Очень умные слова с едкой иронией. В данном случае мне можно было бы высказать их де Голлю. Но как гость я должен был слушать, делать выводы и не вступать в дискуссию. Не помню, при каких обстоятельствах заговорили мы о Секу Туре[141], президенте Гвинеи. Я сказал, что знаком с ним, и отозвался о нем хорошо. Де Голль знал, что я с ним знаком, поскольку тот не один раз бывал в Советском Союзе после обретения Гвинеей независимости. В то время французы были изгнаны из Гвинеи. Прекратилась всякая связь двух стран, и Гвинея оказалась в критическом положении. Из-за отсутствия кадров парализовалась ее жизнь, закрылись даже банки. Тогда по просьбе Секу Туре мы подали руку помощи и послали своих специалистов. По-моему, отправили им пшеницу и что-то еще. И я тотчас вспомнил о тех событиях, но с де Голлем говорить о них тоже не стал, хотя мы были полностью на стороне гвинейского народа и делали все, что в наших силах, для укрепления полученной им независимости.

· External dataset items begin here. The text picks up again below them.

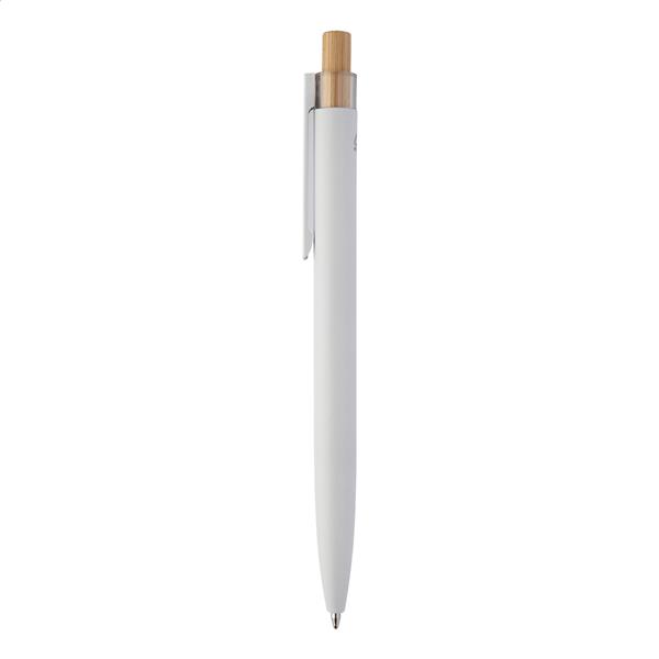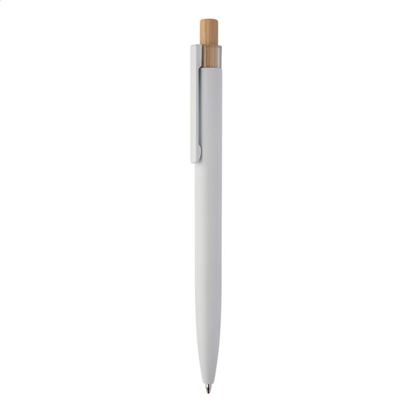 Aluminiowy długopis z recyklingu z bambusowym przyciskiem. Z niebieskim wkładem.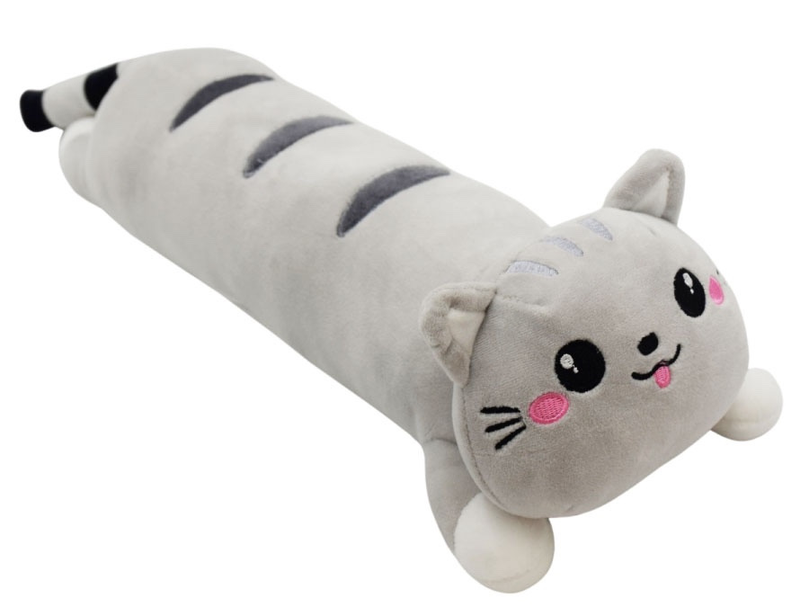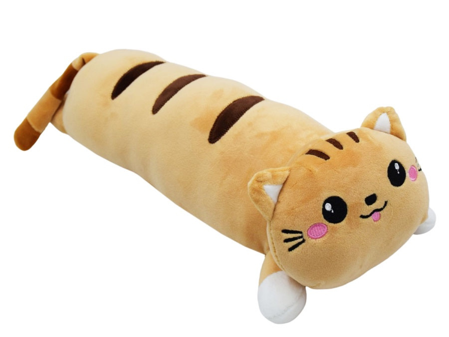 Plyšová 50cm mačička. Vhodná aj ako vankúš alebo dekorácia. Možnosť výberu z dvoch farieb - hnedá alebo sivá.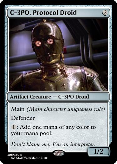 Alright, C-3PO isn’t the shiniest example of this keyword, but he’ll do for now. At the moment, the keyword plays a bunch like a Planeswalker: there can be only one on each side with that name. This gives the game a flavor and a way to curb some of the power (imagine multiple Obi-Wans on one side). The maximum number of cards each character gets at the moment is equal to the number of movies they appear it. C-3PO appears in all six movies, so he can have up to six different cards. This allows a character to show off their different sides and a few of them might end up different colors.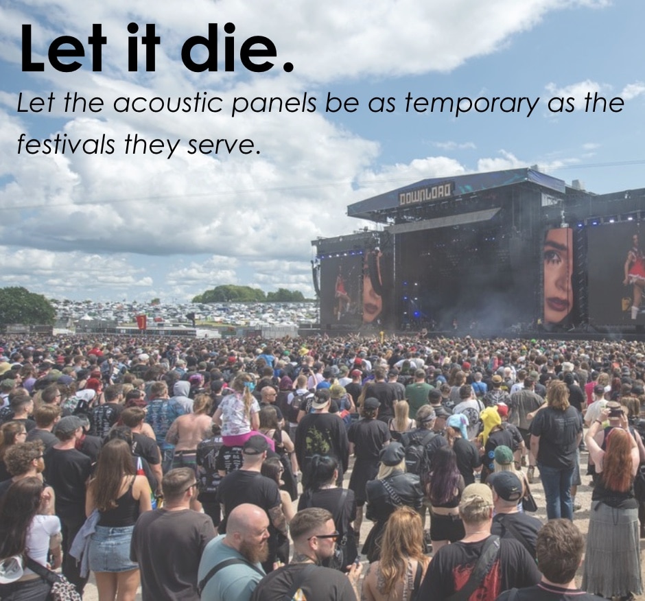 The project begins from a simple idea: not every architectural intervention needs to last forever. We wanted to create a structure that supports the acoustic and spatial needs of festivals while embracing transience as a design value. Instead of generating waste after the event, the panels are intended to be reused, disassembled, composted, or integrated into soil-based applications.

Правительство де Голля провело в колониях голосование: хотят ли они получить полную независимость или желают остаться в составе Франции? Нужно отдать де Голлю должное, ведь не каждый на это пошел бы. Но де Голль был уверен, что все колонии проголосуют за Францию. И не обманулся. Однако так проголосовали все, кроме Гвинеи. Ее народ сказал 'нет!' и проголосовал за выход из Французского содружества, за независимость. Нам было очень интересно узнать, действительно ли Франция согласится с выходом Гвинеи из содружества, выведет свои войска и не будет вмешиваться в ее внутренние дела? Но де Голль - человек слова! Потом на примере Алжира он еще раз подтвердил то же самое. Гвинея получила независимость. Думаю, что это единственная страна, получившая от Франции независимость без особого столкновения. Де Голль сказал мне, что лично знал Секу Туре. И при этом голос его прозвучал с грустью, с сожалением: 'Да, эти люди получили образование во Франции, а теперь Гвинея вышла из состава Франции'. В его словах звучала настоящая скорбь. Но никаких других выражений, которые как-то принизили бы Секу Туре, он не допустил. Там, на приеме, собралось много разных людей: и политических деятелей, и финансистов.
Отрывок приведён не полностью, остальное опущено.